This sort of thing is what dragged down the past work on this. I don't
really agree with the idea this thread is based on, that it was backward
compatibility that kept this from being finished last year. I put a
good bit of time into a proposal that a few people seemed happy with;
all its ideas seem to have washed away. That balanced a couple of goals:
-Allow a "pg_ctl standby" and "pg_ctl recover" command that work
similarly to "promote". This should slim down the work needed for the
first replication setup people do.
-Make it obvious when people try to use recovery.conf that it's not
supported anymore.
-Provide a migration path for tool authors strictly in the form of some
documentation and error message hints. That was it as far as
concessions to backward compatibility.
The wrap-up I did started at
/messages/by-id/4EE91248.8010505@2ndQuadrant.com
and only had a few responses/controversy from there. Robert wrote a
good summary:
1. Get rid of recovery.conf - error out if it is seen
2. For each parameter that was previously a recovery.conf parameter,
make it a GUC
3. For the parameter that was "does recovery.conf exist?", replace it
with "does standby.enabled exist?".
I thought this stopped from there because no one went back to clean up
Fujii's submission, which Simon and Michael have now put more time into.
There is not much distance between it and the last update Michael
sent. Here's the detailed notes from my original proposal, with updates
to incorporate the main feedback I got then; note that much of this is
documentation rather than code:
-Creating a standby.enabled file puts the system into recovery mode.
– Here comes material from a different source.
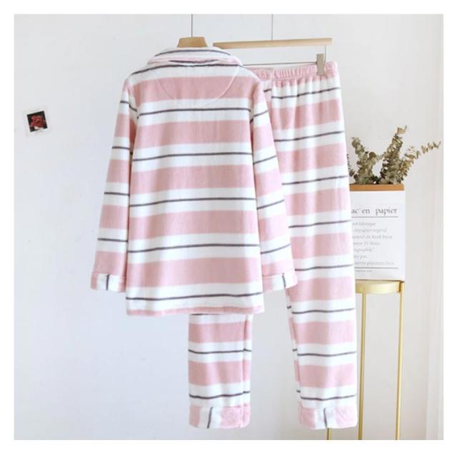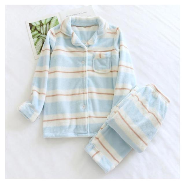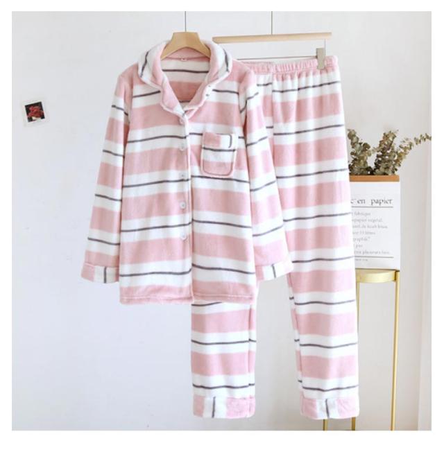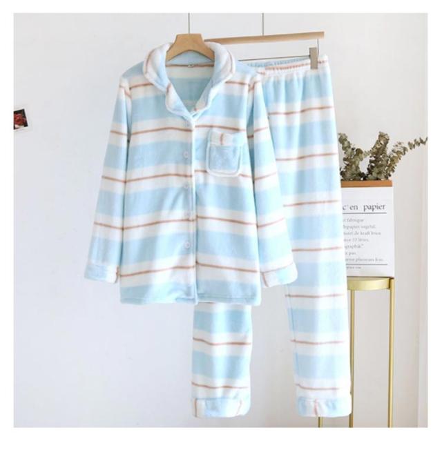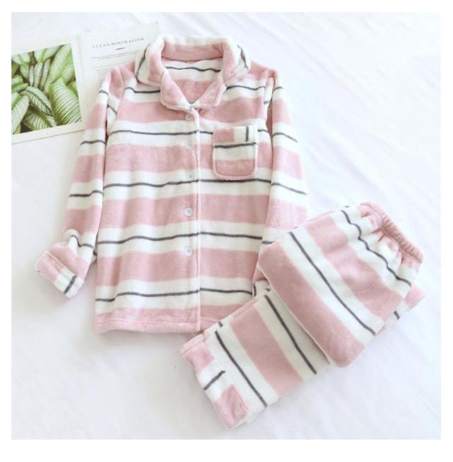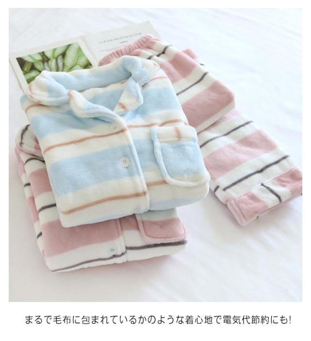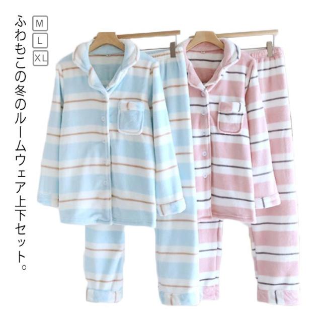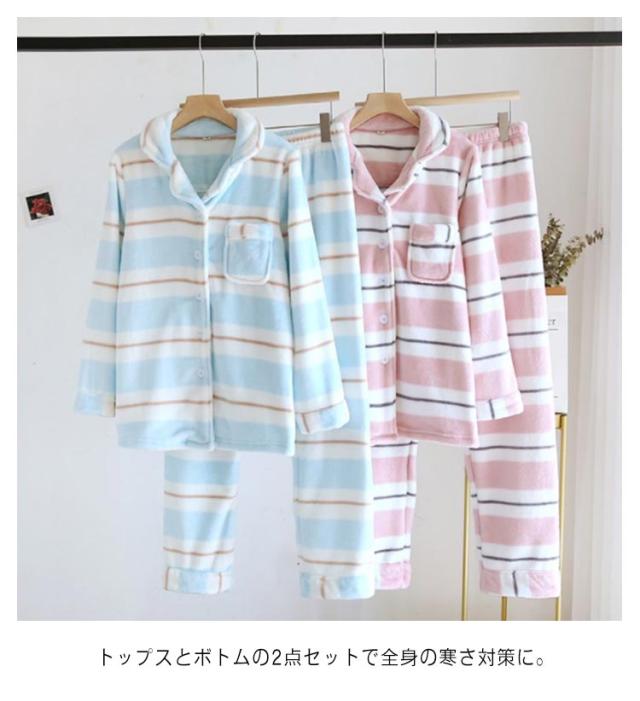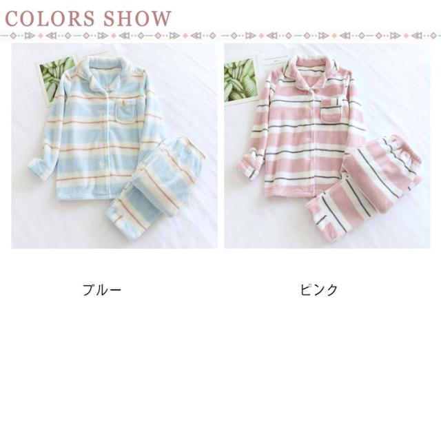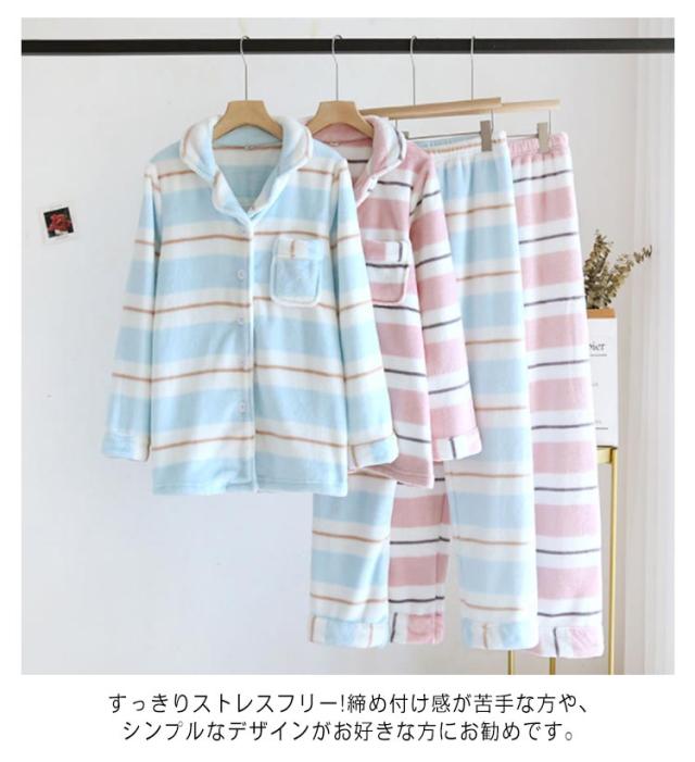 パジャマ レディース セットアップ 上下セット 寝巻 前開き 部屋着 かわいい おしゃれ ルームウェア パジャマ ボーダー ピンク ブルー ふんわり あったか 秋 冬 ギフト

That feature needs to save some state, and making those decisions based
on existence of a file is already a thing we do. Rather than emulating
the rename to recovery.done that happens now, the server can just delete
it, to keep from incorrectly returning to a state it's exited. A UI
along the lines of the promote one, allowing "pg_ctl standby", should
fall out of here.
This file can be relocated to the config directory, similarly to how the
include directory looks for things. There was a concern that this would
require write permissions that don't exist on systems that relocate
configs, like Debian/Ubuntu. That doesn't look to be a real issue
though. Here's a random Debian server showing the postgres user can
write to all of those:
$ ls -ld /etc/postgresql
drwxr-xr-x 4 root root 4096 Jun 29 2012 /etc/postgresql
$ ls -ld /etc/postgresql/9.1
drwxr-xr-x 3 postgres postgres 4096 Jul 1 2012 /etc/postgresql/9.1
$ ls -ld /etc/postgresql/9.1/main
drwxr-xr-x 2 postgres postgres 4096 Mar 3 11:00 /etc/postgresql/9.1/main
-A similar recovery.enabled file turns on PITR recovery.
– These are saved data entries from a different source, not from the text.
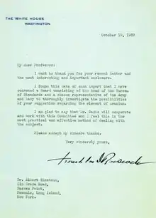 Après avoir pris connaissance du contenu de la lettre, Franklin Roosevelt autorise la création du Advisory Committee on Uranium, dont les membres se réunissent pour la première fois le . À sa tête se trouve Lyman Briggs, alors directeur du National Bureau of Standards. Un budget de 6 000 $ est alors alloué à Enrico Fermi de l'Université de Chicago pour ses expériences sur les neutrons.
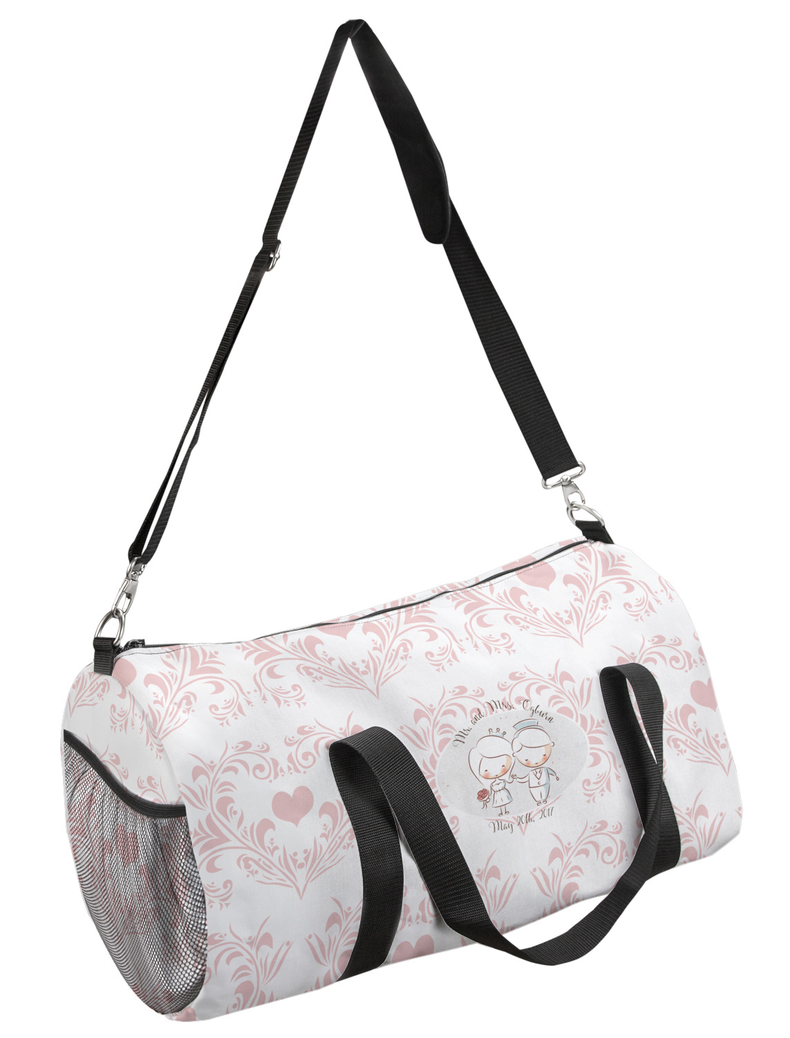 This duffle is a sturdy bag made of a canvas material. It comes in two sizes: Small (19"W x 9.5"H x 9.5"D) and Large (23"W x 12"H x 12"D). The bag is a cylindrical shape with a black adjustable strap and two handles. On one side is an elastic pouch to put a waterbottle or other small item. Your product will be sublimated with your design and is able to be designed on the front, back, and sides. Be sure to remember that the straps may cut into parts of your design if you upload your own artwork.
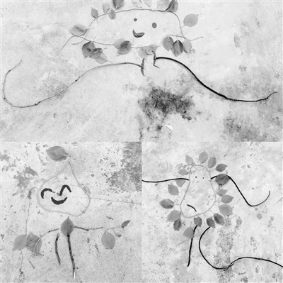 孩子們在大樹下?lián)鞓渲Γ趯挸ǖ乃嗟厣蠑[出了一個個“跳舞的人”,樹葉裝點(diǎn)成五官,小人變得飽滿、形象、有精神。
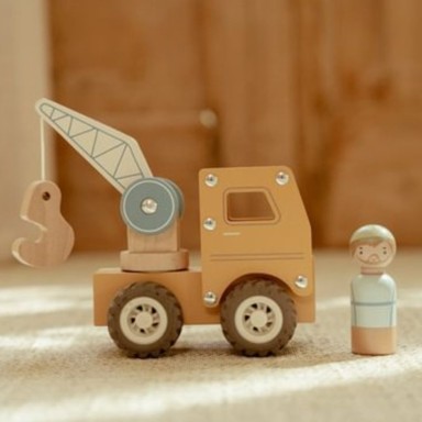 LITTLE DUTCH drveni kamion s dizalicom drveno je građevinsko vozilo s rotirajućom dizalicom i gumiranim kotačima za glatku vožnju. Uključen je i građevinski radnik, što potiče djecu na igru uloga i osmišljavanje scena s gradilišta. FSC certificirano drvo, kompaktne dimenzije i funkcionalna dizalica razvijaju koordinaciju, finu motoriku i razumijevanje osnovnih mehaničkih principa.
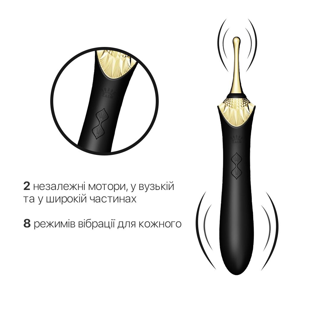 - Два незалежні мотори: Один у вузькій частині з інтенсивною вібрацією, інший у широкій — з ніжною, але глибокою вібрацією. Кожен мотор можна налаштувати окремо.
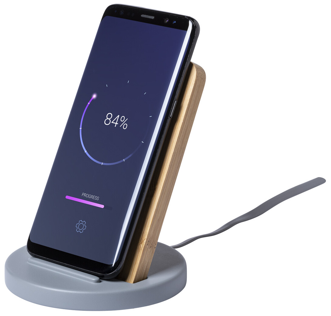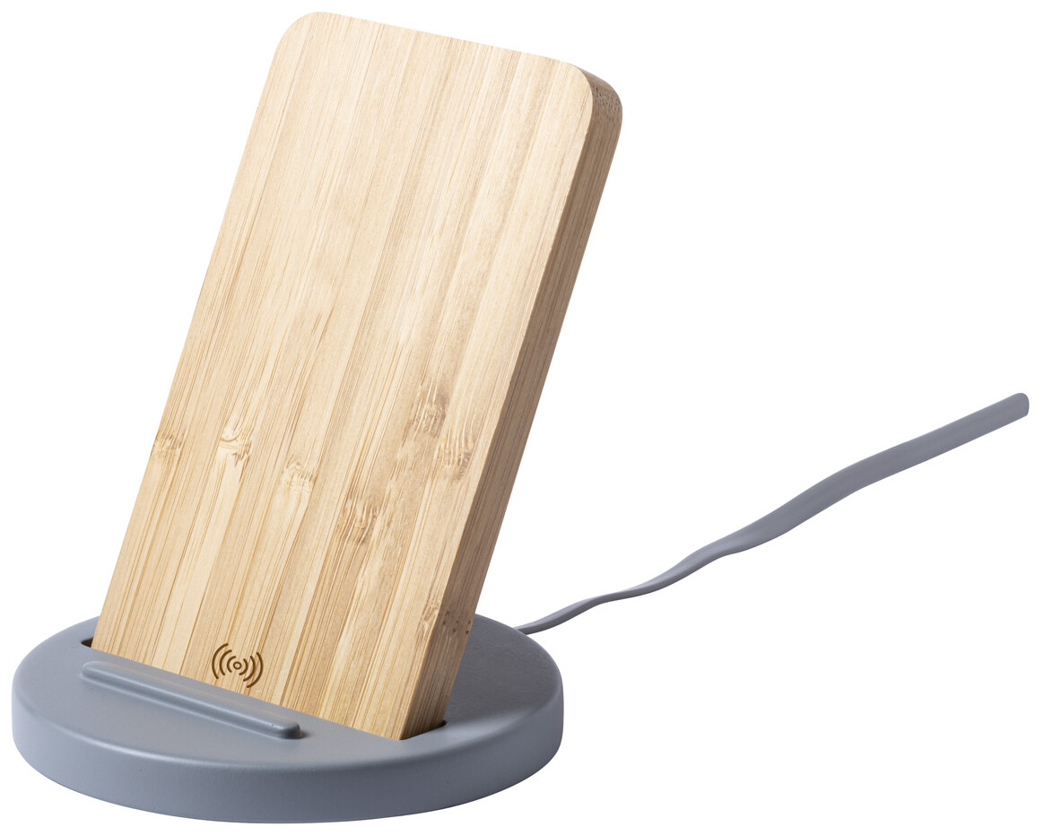Stojánek na mobil s bezdrátovou nabíječkou Chemek, šedá, přírodní

-It should be possible to copy a postgresql.conf file from master to
standby and just use it. For example:
--"standby_mode = on": Ignored unless you've started the server with
standby.enabled, won't bother the master if you include it.
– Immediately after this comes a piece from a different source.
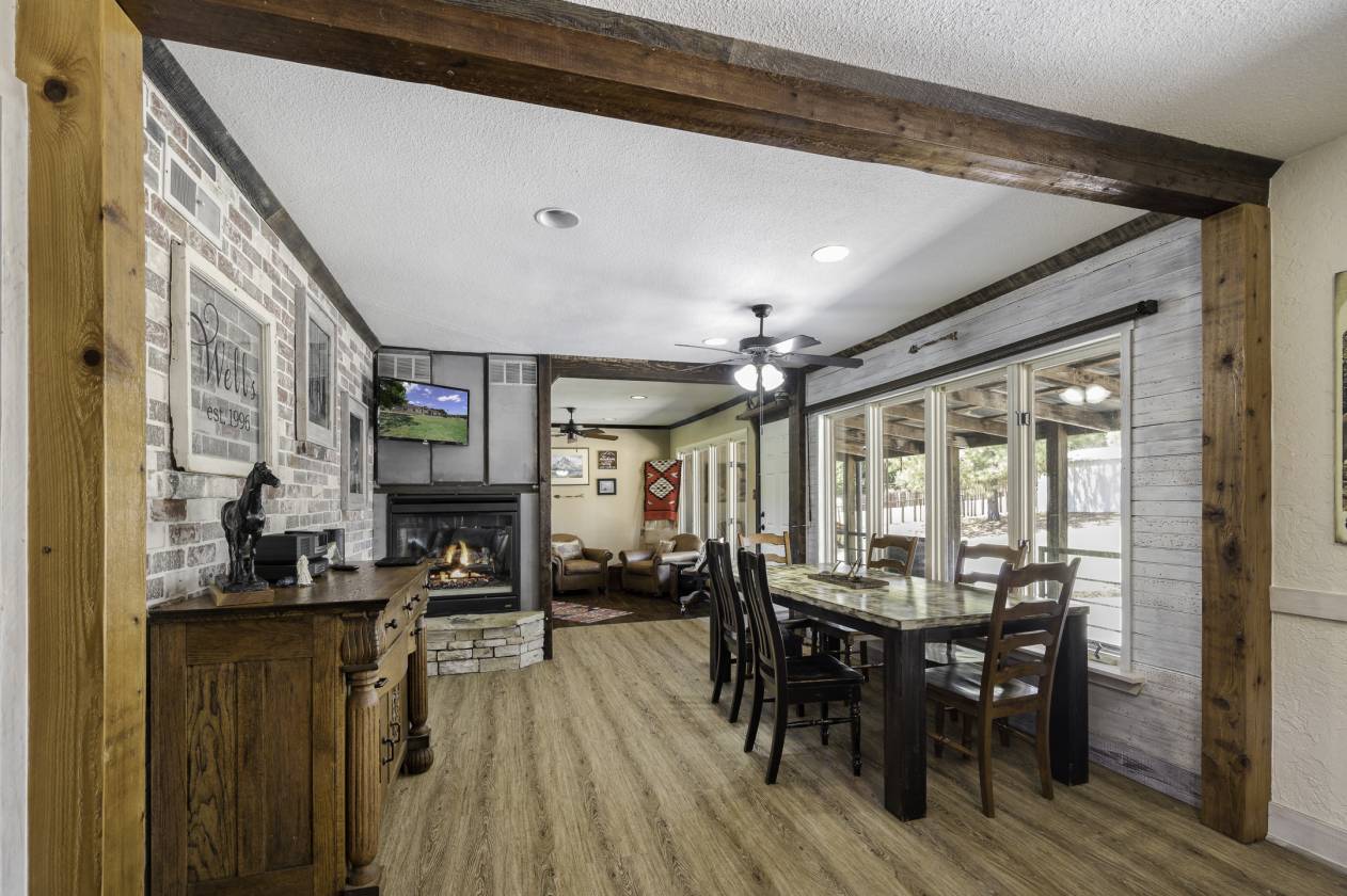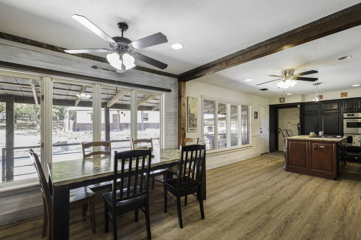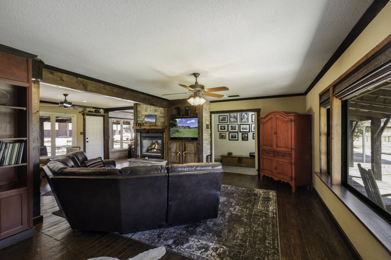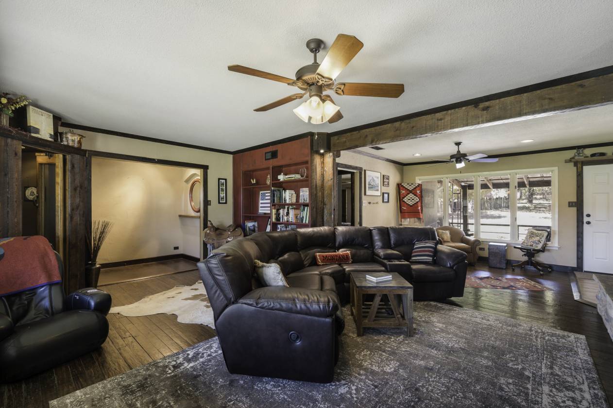 This exceptional equine property offers the perfect blend of rustic elegance and modern comfort in one of the most desirable areas of North Texas Ranchland. The beautifully renovated 3-bedroom, 2.5-bath ranch-style home is built on a pier-and-beam foundation and crafted with striking Montana logs—giving it unmatched character and charm. Thoughtfully redesigned down to the studs, this home boasts a warm, inviting layout with a cozy living area, stylish kitchen, and large windows that frame panoramic views of the surrounding countryside. Enjoy an entertainer’s dream backyard featuring a covered porch, sparkling pool, and full outdoor kitchen—ideal for relaxing or hosting gatherings. The 4-stall barn (3 interior, 1 exterior) and cross-fenced pastures with sandy loam soil and coastal hay make this a turnkey setup for horse lovers. Additional features include: • A charming 1 bed, 1 bath guest bunkhouse • A 30x40 workshop with mezzanine storage and space for your boat or UTV • A 40x24 lean-to for trailer or RV parking • Storm shelter for peace of mind Located just minutes from Lake Ray Roberts, major highways, and within easy reach of the DFW Metroplex, OKC, and nearby casinos—this property truly has it all.

--"primary_conninfo": This will look funny on the master showing it
connecting to itself, but it will get ignored there too.
-If startup finds a recovery.conf file where it used to live at,
abort--someone is expecting the old behavior. Hint to RTFM or include a
short migration guide right on the spot. That can have a nice section
about how you might use the various postgresql.conf include* features if
they want to continue managing those files separately. Example: rename
what you used to make recovery.conf as replication.conf and use
include_if_exists if you want to be able to rename it to recovery.done
like before. Or drop it into a config/ directory (similarly to the
proposal for SET PERSISTENT) where the rename to recovery.done will make
it then skipped. (Only files ending with .conf are processed by
include_dir)
-Tools such as pgpool that want to write a simple configuration file,
only touching the things that used to go into recovery.conf, can tell
people to do the same trick. End their postgresql.conf with a call to
\include_if_exists replication.conf as part of setup. While I don't
like pushing problems toward tool vendors, as one I think validating if
this has been done doesn't require the sort of fully GUC compatible
parser people (rightly) want to avoid. A simple scan of the
postgresql.conf looking for the recommended text at the front of a line
could confirm whether that bit is there. And adding a single
"include_if_exists" line to the end of the postgresql.conf is not a
terrible edit job to consider pushing toward tools. None of this is any
more complicated than the little search and replace job that initdb does
right now.
-If you want to do something special yourself to clean up when recovery
finishes, perhaps to better emulate the old "those settings go away"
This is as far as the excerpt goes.